Aside: so what’s all this constant-feedback blather? It’s constant feedback across the audio band. Now, Cordell disproved the old Otala TIM hypothesis, but in my work, I’ve always noted sonic benefits to having an open-loop stage with bandwidth larger than the audio range. So, I extended the open-loop bandwidth to greater than 20kHz with some parts additions and other tweaks, changed the operating point of the front end (it now runs quite a bit more current, and has smaller resistor values for even lower noise), and, of course, put in the gain switch.
Aside to the aside: yes, this is heavy geek-speak. If you know Cordell and Otala and concepts like thermal noise, this makes sense. Though you might not believe what I’m saying about the subjective side of things. That’s cool.
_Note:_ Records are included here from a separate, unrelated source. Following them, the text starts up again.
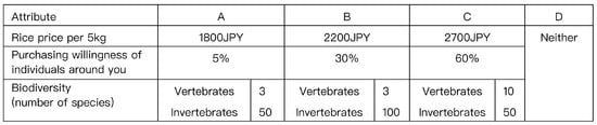 We applied a discrete choice experiment using an orthogonal array in Step 4 of our survey questionnaire. Our design was implemented by using AlgDesign package in R. The choice set comprised three alternatives, each characterized by three attributes: rice price (four levels—JPY 1800, JPY 2200, JPY 2700, and JPY 3200 per 5 kg, based on retail prices from rice stores in Japan), individuals’ purchasing willingness within their social circles (four levels—5%, 30%, 60%, and 90%), and the degree of biodiversity in the eco-friendly rice paddies, as depicted in Figure 1. We introduced the number of vertebrates and invertebrates that certain eco-rice host as key biodiversity indicators, the choice set of which is based on the findings presented in Figure S1. We classified amphibians we identified in rice paddies as vertebrates, and mollusks and arthropods as invertebrates. To assess their effects, two levels were assigned to the number of vertebrate species (3 and 10) and invertebrate species (50 and 100). Finally, we included a “no-purchase” option in each choice set to accommodate respondents who may choose not to make a purchase. To illustrate, in option A, the price of a certain eco-rice per 5 kg is JPY 1800, with 5% of people within the respondent’s social circle willing to purchase it, and this rice hosts 3 vertebrate species and 50 invertebrate species during its planting. If the respondent chooses none of options A, B, and C, he/she can choose option D. Each participant was asked to respond to nine choice sets.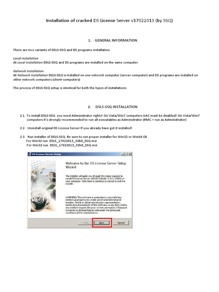 Installation of cracked DS License Server v17022013 (by SSQ)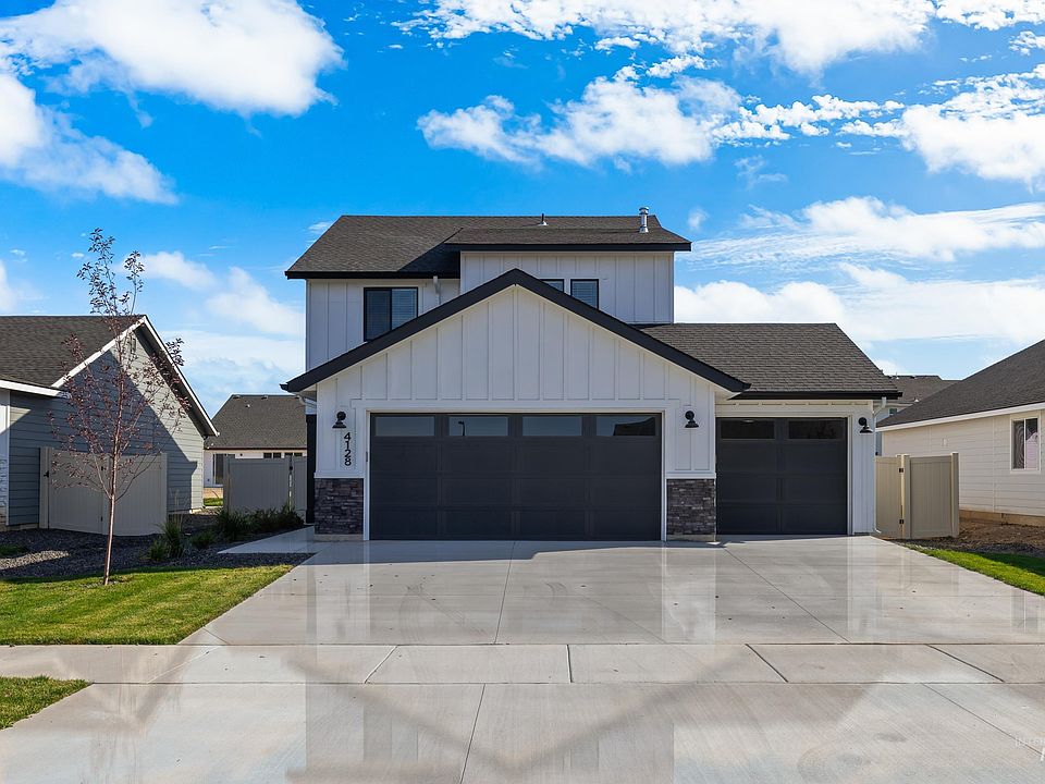 Step into this fresh, better-than-new home packed with over $8,000 in custom upgrades! The chef-inspired kitchen is a showstopper, featuring quartz counters, a custom tile backsplash, a farmhouse sink on a large island, and soft-close cabinetry throughout. The thoughtful details continue with custom built-ins for shoe storage and upgraded carpet and padding on the stairs and in the bedrooms, ensuring every step feels luxurious. The owner's suite offers dual vanities, a walk-in closet, and sleek sliding glass shower doors. Spacious secondary bedrooms, an upstairs laundry room with extra storage, and a hall closet provide practical solutions for every living situation. The three-car garage is EV-ready, perfect for charging your Tesla or electric vehicle, while the blank-slate backyard awaits your green thumb and creative landscaping ideas. Home includes an almost new fridge/washer/dryer! Nestled near a neighborhood park, playground, and miles of walking paths this neighborhood is one you don't want to sleep on!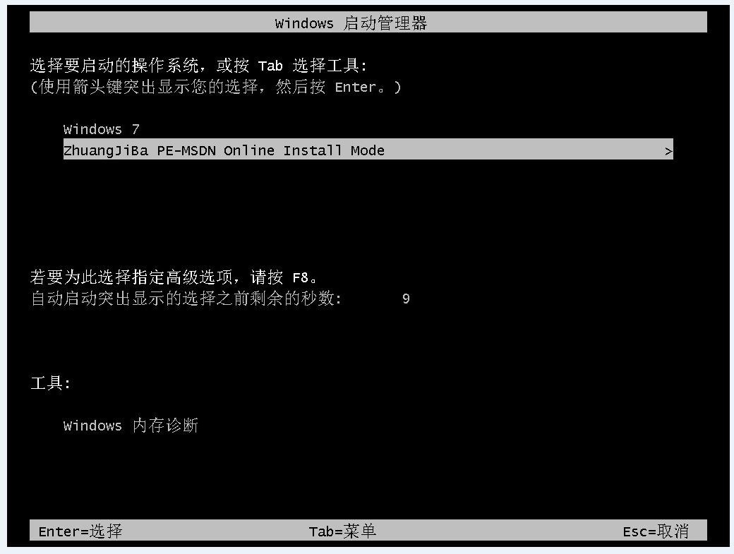 4、進入啟動管理器頁面后選擇第二項,然后回車進入裝機吧pe系統。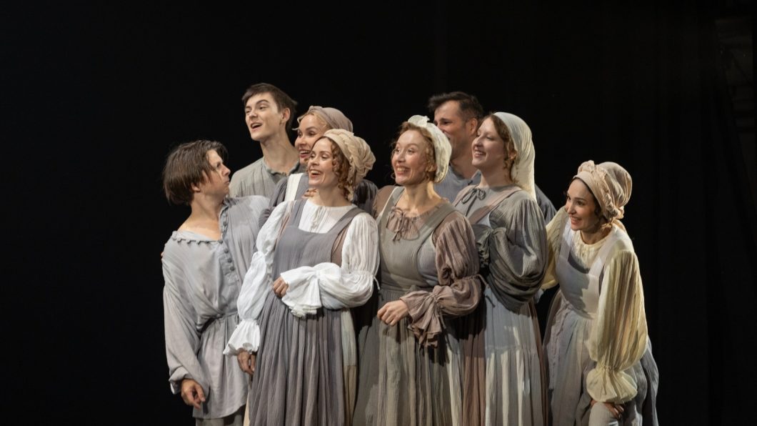 Труппа в полном составе выложилась, что называется, на все сто, перевоплощаясь из дворовых крестьян в великосветское петербургское общество и обратно, а зритель, завороженный происходящим на сцене, даже не задумывается, как артисты успевают не просто переодеться, а прямо-таки переродиться.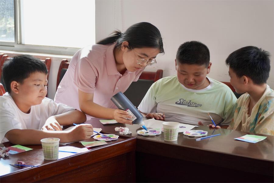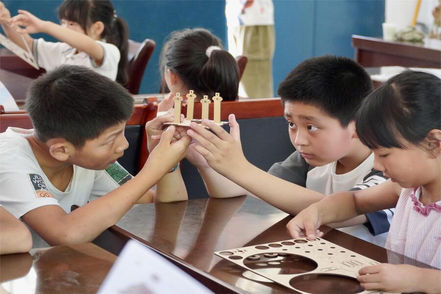 實(shí)踐隊(duì)以教育幫扶與文化傳承雙軌并進(jìn),構(gòu)建起“安全+文化+學(xué)業(yè)”三維幫扶體系。安全教育課上,孩子們在眾多案例中學(xué)習(xí)避險(xiǎn)小知識;趣味榫卯積木拼裝環(huán)節(jié),孩子們在動手實(shí)踐中感悟古建筑智慧;紅色教育課上,孩子們在錢學(xué)森歸國事跡和少年英雄故事中厚植家國情懷。捐贈的400余冊圖書和100余套文具,搭配藝術(shù)課、學(xué)業(yè)輔導(dǎo)等特色活動,契合孩童成長所需。這場盛夏之約,是青春與鄉(xiāng)土的雙向奔赴,智慧與童心的美好碰撞,深刻詮釋了青年學(xué)子服務(wù)鄉(xiāng)村振興的使命擔(dān)當(dāng),其點(diǎn)燃的火種必將照亮孩子們的前行之路。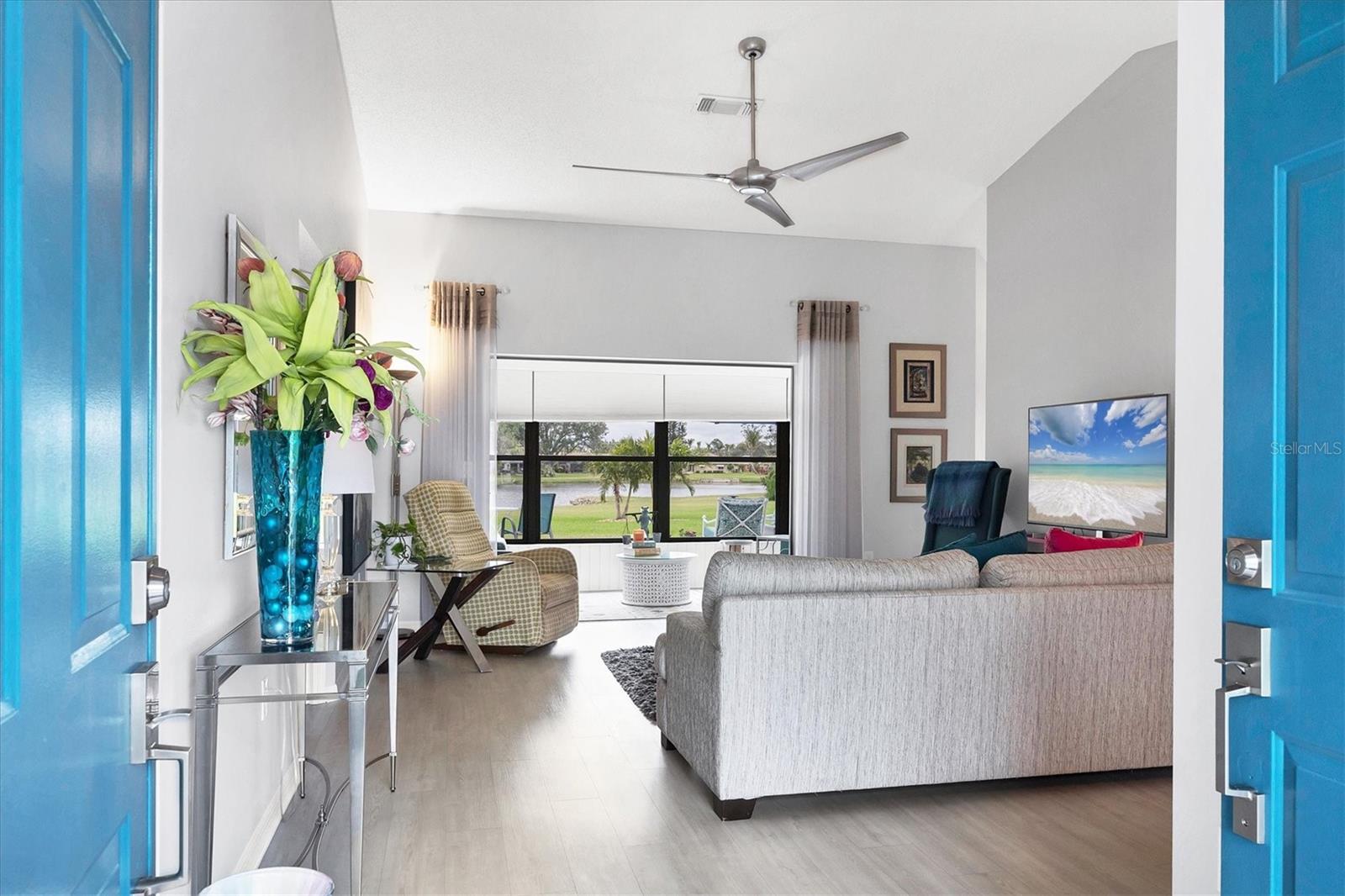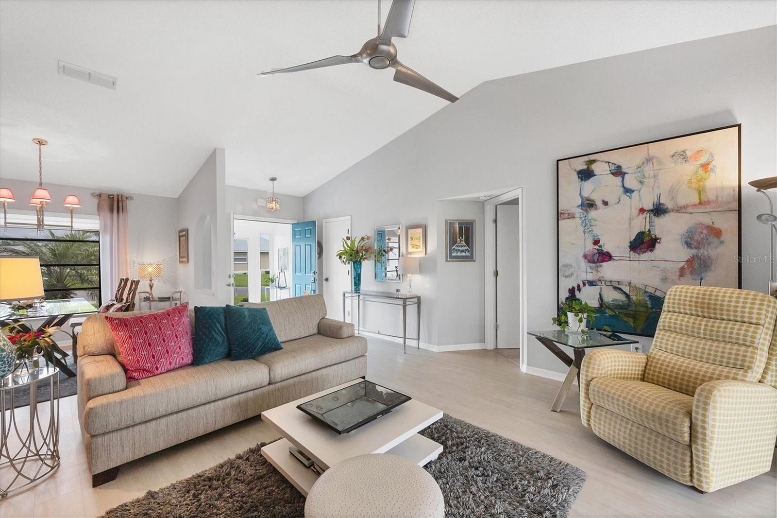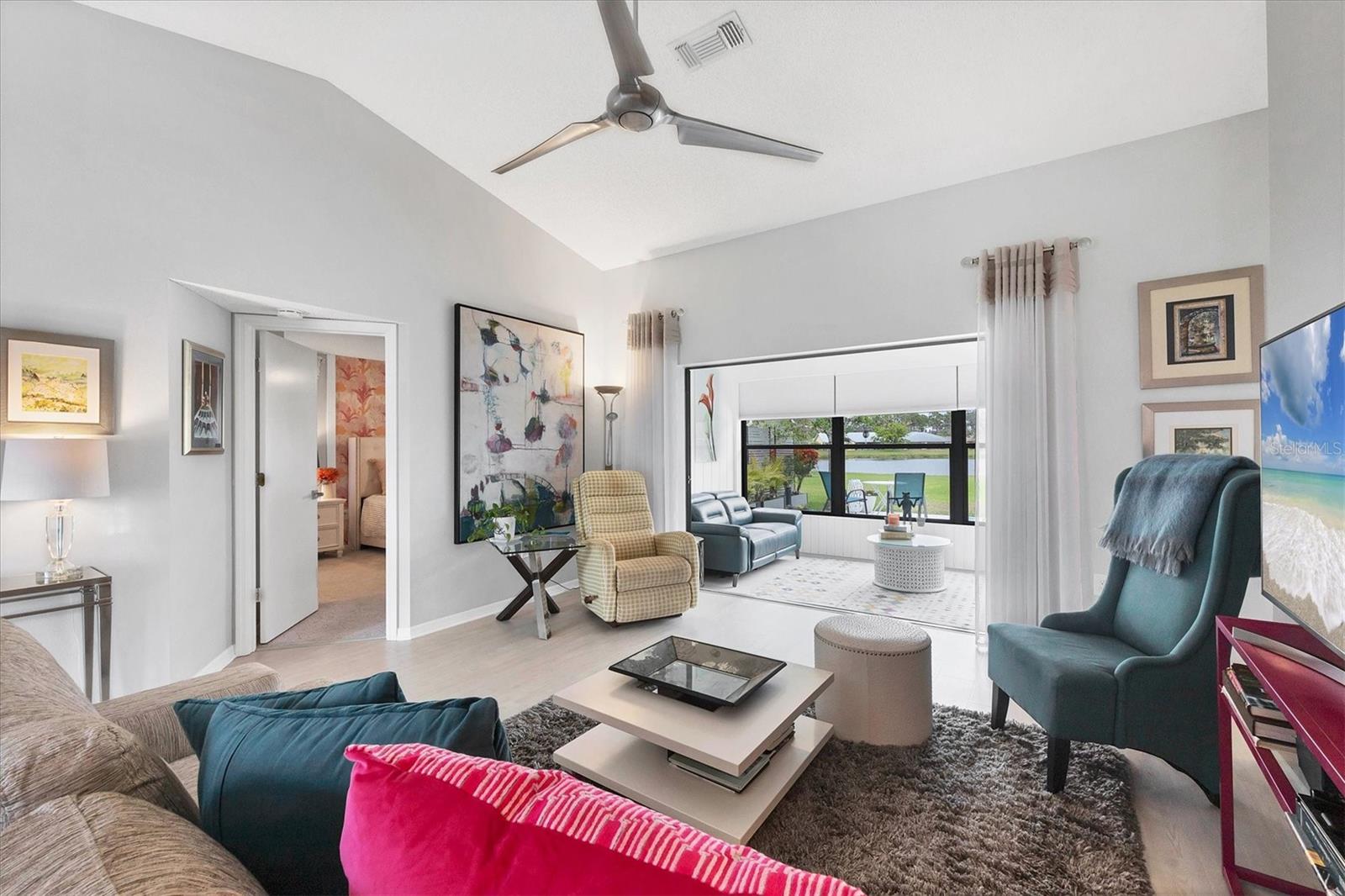 Look no further! You are going to fall in love with this beautifully updated, spacious 2 bedroom, 2 bathroom, lakeside home located in the highly sought after, DEED RESTRICTED Meadow Run at Jacaranda neighborhood. This corner lot property has been appointed with a designer’s touch including luxury plank flooring, modern kitchen, relaxing Florida room, open concept great room, freshly painted exterior and more! The perfect split floor plan provides privacy for owners and guests alike. This home is an entertainer’s dream that offers open living and dining areas as well as indoor/outdoor space. While relaxing in the sun filled bonus room or on the outside patio, you will be able to enjoy breathtaking picturesque lakeside views year round. Meadow Run at Jacaranda is a thriving community with LOW HOAs, public water & sewer and NO CDD. The community center offers pickleball and tennis courts, basketball courts, a pool & spa, fitness center and a clubhouse. Additionally, the property is located just a few short miles from historic downtown Venice where residents can explore a vibrant array of shops, restaurants, parks, and beaches. The central location of this home ensures easy access to I75, hospitals, shopping centers, emergency services, downtown Wellen Park and the CoolToday Park, home of the Braves’ spring training. A short drive takes you to the South Venice Beach Ferry ( 4.5 miles), Lemon Bay Preserve, Venice Fishing Pier ( 7 miles), Caspersen Beach (5.3 miles), Manasota Key Beach (6.3Miles) and Blind Pass Beach (10 miles) Don't miss the opportunity to call this modern haven your home, where luxury meets convenience in this gorgeous community. Schedule your private tour today and envision the lifestyle that awaits in this meticulously crafted residence.

Aside to the aside to the aside: bottom line, Magni 2 sounds better. And it’s not subtle.
How much better? The Magni 2 was originally called the Magni Uber.
But, while I was doing this cost-constrained version, I wondered, “What would we get if we threw some more money at this?” So, I built another super-over-the-top Magni Uber Squared, which had a whole host of improvements, starting with preamp outputs, better, adjustable voltage regulators and higher rails, a complementary-input VAS to cancel even more noise and distortion from the front end (and yeah, I know Self sez you don’t need no complementary VAS, that’s cool, maybe we hear differently), much bigger power supply capacitors and a giant new wall-wart, and a couple of other little tweaks. This super-over-the-top version I figured we might never build, but I had to know how it performed.
How’d it do? So well that we decided to build both of them. One of our listeners said, “Just stop building everything else and do these,” when hearing the Magni Uber Squared prototype for the first time.
Aside: don’t worry, we’re not going to do that. He’s insanely cheap, and that explains a lot of his comment. It is really good, though.
So, with that decision, we knew that we’d have two new amps. There was some production budget left over, so I drew up a small solid-aluminum knob and added an aluminum top to the Uber to make it look a bit fancier.